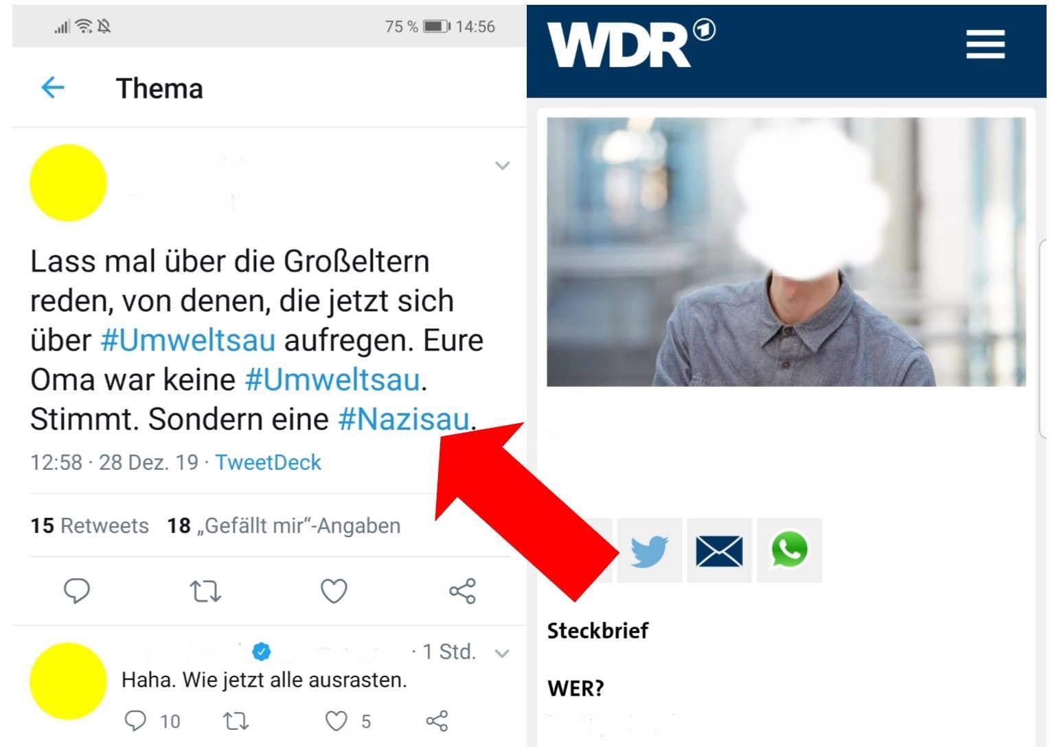 Das war jedoch nicht der Gipfel des Eisbergs. Hinzu kam, dass ein freier Mitarbeiter des WDR die älteren Herrschaften nicht nur als „Umweltsau“, sondern ebenso noch als „Nazisau“ beschimpfte!
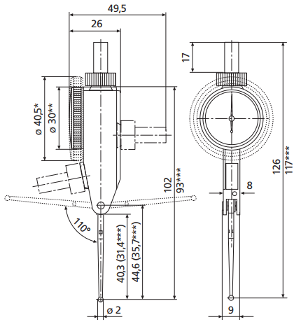 塑料盒,更換測(cè)桿專(zhuān)用扳手,測(cè)頭直徑為2 mm的測(cè)桿,夾持柄800 a8(用于公制),
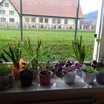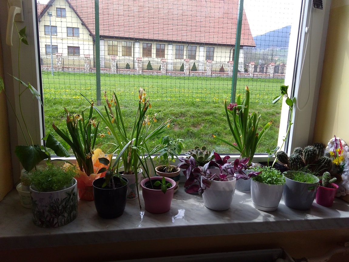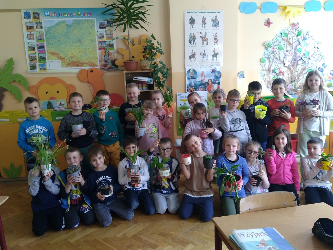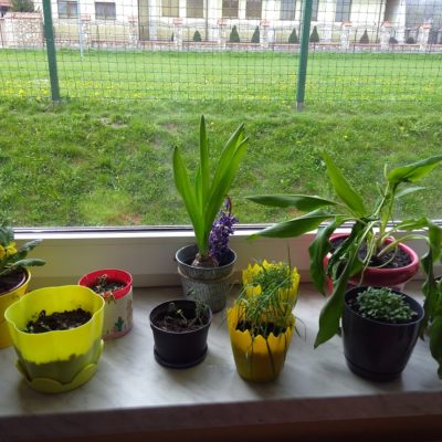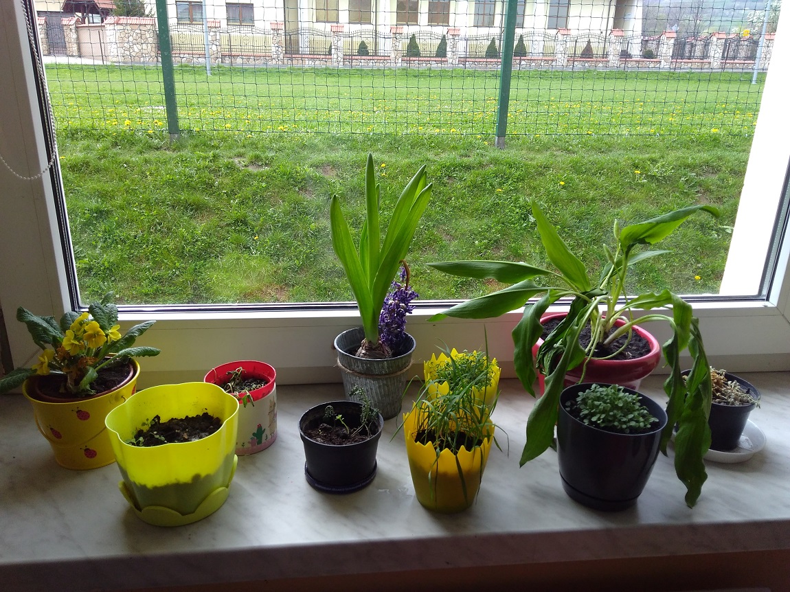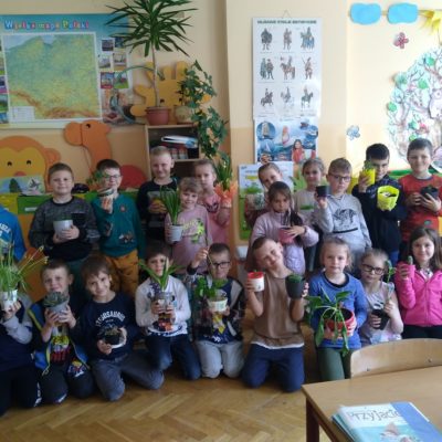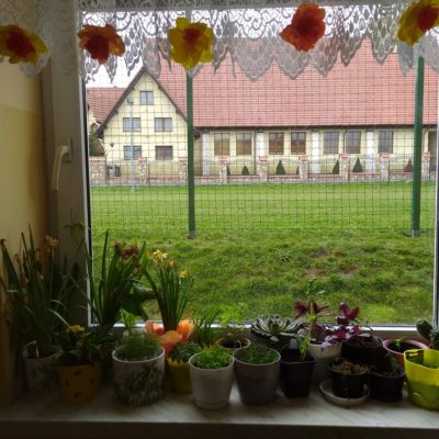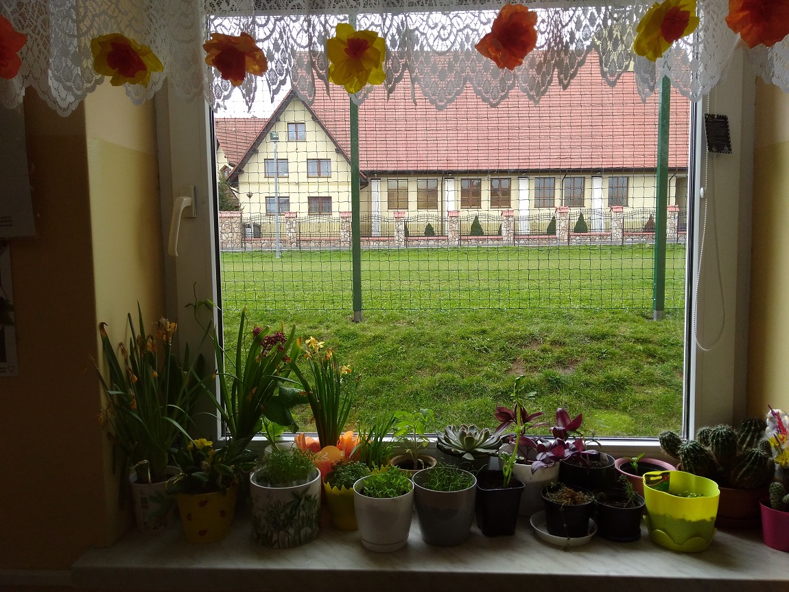 Uczniowie kl. I w kwietniu założyli „ogródek” na parapecie w klasie. Przynieśli roślinki, dbali o nie i obserwowali ich wzrost. Najwięcej zasiali warzyw, ale są też kwiatki. Nadal je pielęgnują a roślinkom chyba dobrze służy szkolny parapet.
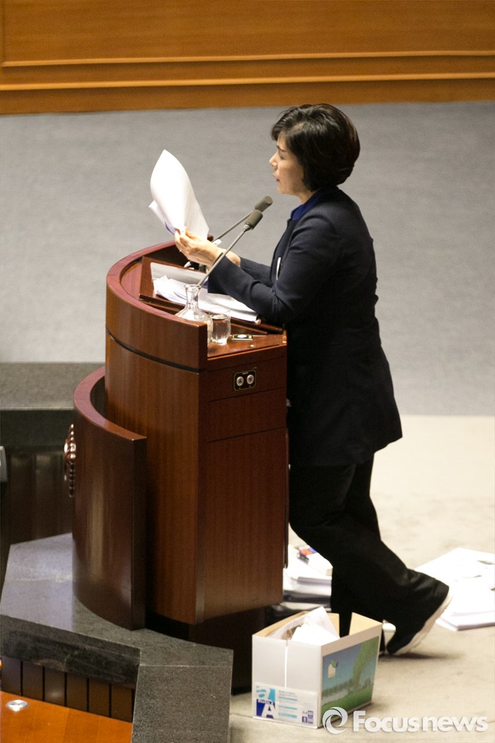 (서울=포커스뉴스) 최민희 더불어민주당 의원이 25일 오전 서울 여의도 국회 본회의장에서 테러방지법 저지를 위한 무제한 토론(필리버스터)을 하고 있다.
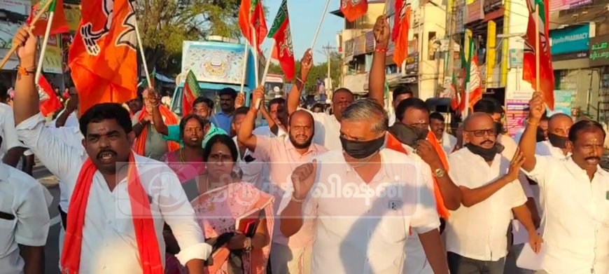 பா.ஜக மாநில பொதுச் செயலாளர் கருப்பு முருகானந்தம் தலைமையில் லால்குடி சாலையில் திரண்ட பா.ஜ.கவினர் கண்டன கோஷங்களை எழுப்பியவாறு ஊர்வலமாக சென்றனர்.தொடர்ந்து நம்பர் ஒன் டோல்கேட் ரவுண்டானா அருகே அமைந்துள்ள அரசு டாஸ்மாக் கடையை முற்றுகையிட முயன்றபோது போலீசார் தடுத்து நிறுத்த முயன்றனர்.
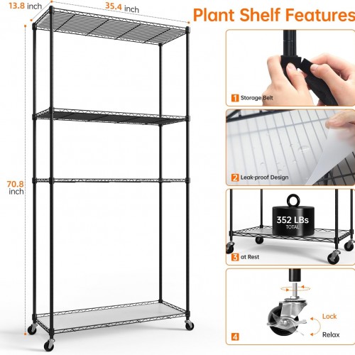 Plant Shelf with Grow Light with Timer, Tall Plant Stand with Adjustable Rack and Wheels, 6 Pack T5 3FT Full Spectrum Grow Lights for Indoor Plants, Seed Starting, Seed Tray, 35.4″x13.8″x70.8″
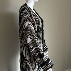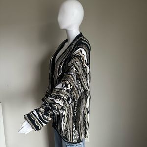 COOGI *Style Vintage 90’s Cardigan By Giorgio Di Firenze, This Funky V~Neck Cardigan Sweater Has The Recognizable 3-D Texture Pattern Featuring Black, Beige, Ivory, Grey Throughout, Tortoise Shell Buttons, This Is A Men’s Size (XL) But It’s Totally Unisex, I Love It On A Female Worn Oversized As Pictured, Excellent Condition, Dry Clean Only, Measurements Taken Flat, Pit~Pit 25”, Length 30”
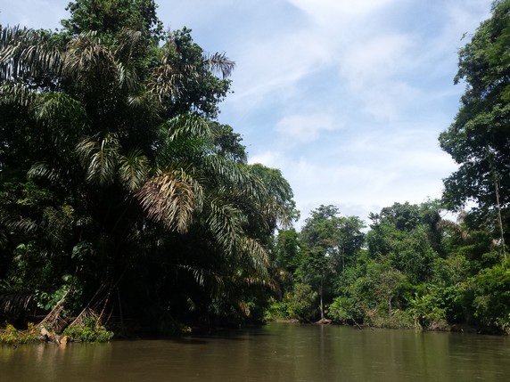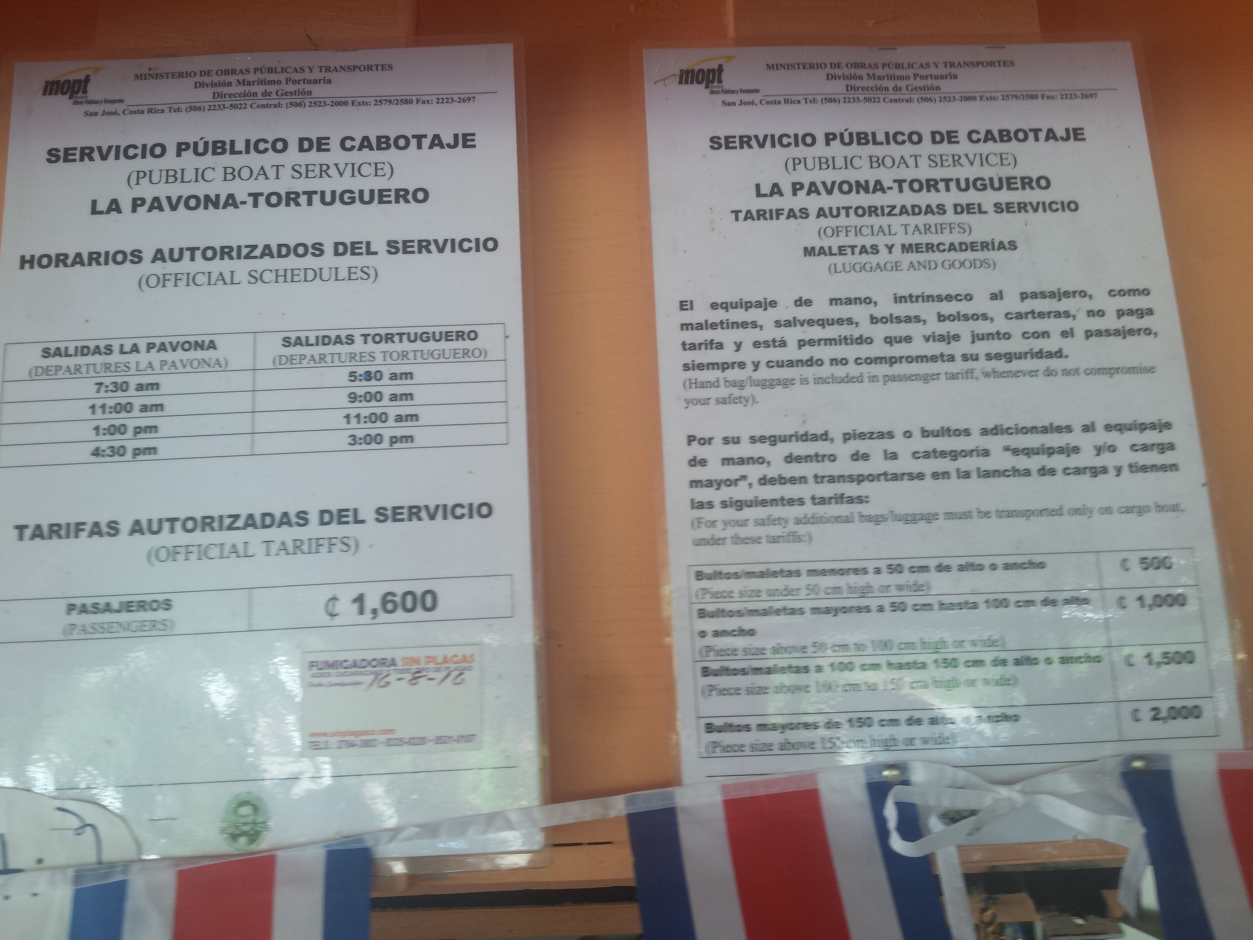 muelle hay un parquing enorme, con capacidad para 200 coches, 10$ la noche; y un restaurante con buena sombra. Acceso al lavabo 500 colones. El parquing está vigilado las 24h, así que dejamos las maletas dentro del coche y nos vamos con las mochilas pequeñas. La barca cuesta 1.600 colones por trayecto, más 500 por la mochilita. El trayecto dura entre 1h30 y 2h dependiendo de la profundidad del río, y de las paradas que haga hasta llegar al muelle de Tortuguero.

▬▬▬▬▬▬

=== Assigned task ===
Give again, please, precisely the lines that begin the records and run through the line with "(서울=포커스뉴스) 최민희 더불어민주당" in it, keeping both end lines and dropping any pictures.

=== Response area ===
 Das war jedoch nicht der Gipfel des Eisbergs. Hinzu kam, dass ein freier Mitarbeiter des WDR die älteren Herrschaften nicht nur als „Umweltsau“, sondern ebenso noch als „Nazisau“ beschimpfte!
 塑料盒,更換測(cè)桿專(zhuān)用扳手,測(cè)頭直徑為2 mm的測(cè)桿,夾持柄800 a8(用于公制),
 Uczniowie kl. I w kwietniu założyli „ogródek” na parapecie w klasie. Przynieśli roślinki, dbali o nie i obserwowali ich wzrost. Najwięcej zasiali warzyw, ale są też kwiatki. Nadal je pielęgnują a roślinkom chyba dobrze służy szkolny parapet.
 (서울=포커스뉴스) 최민희 더불어민주당 의원이 25일 오전 서울 여의도 국회 본회의장에서 테러방지법 저지를 위한 무제한 토론(필리버스터)을 하고 있다.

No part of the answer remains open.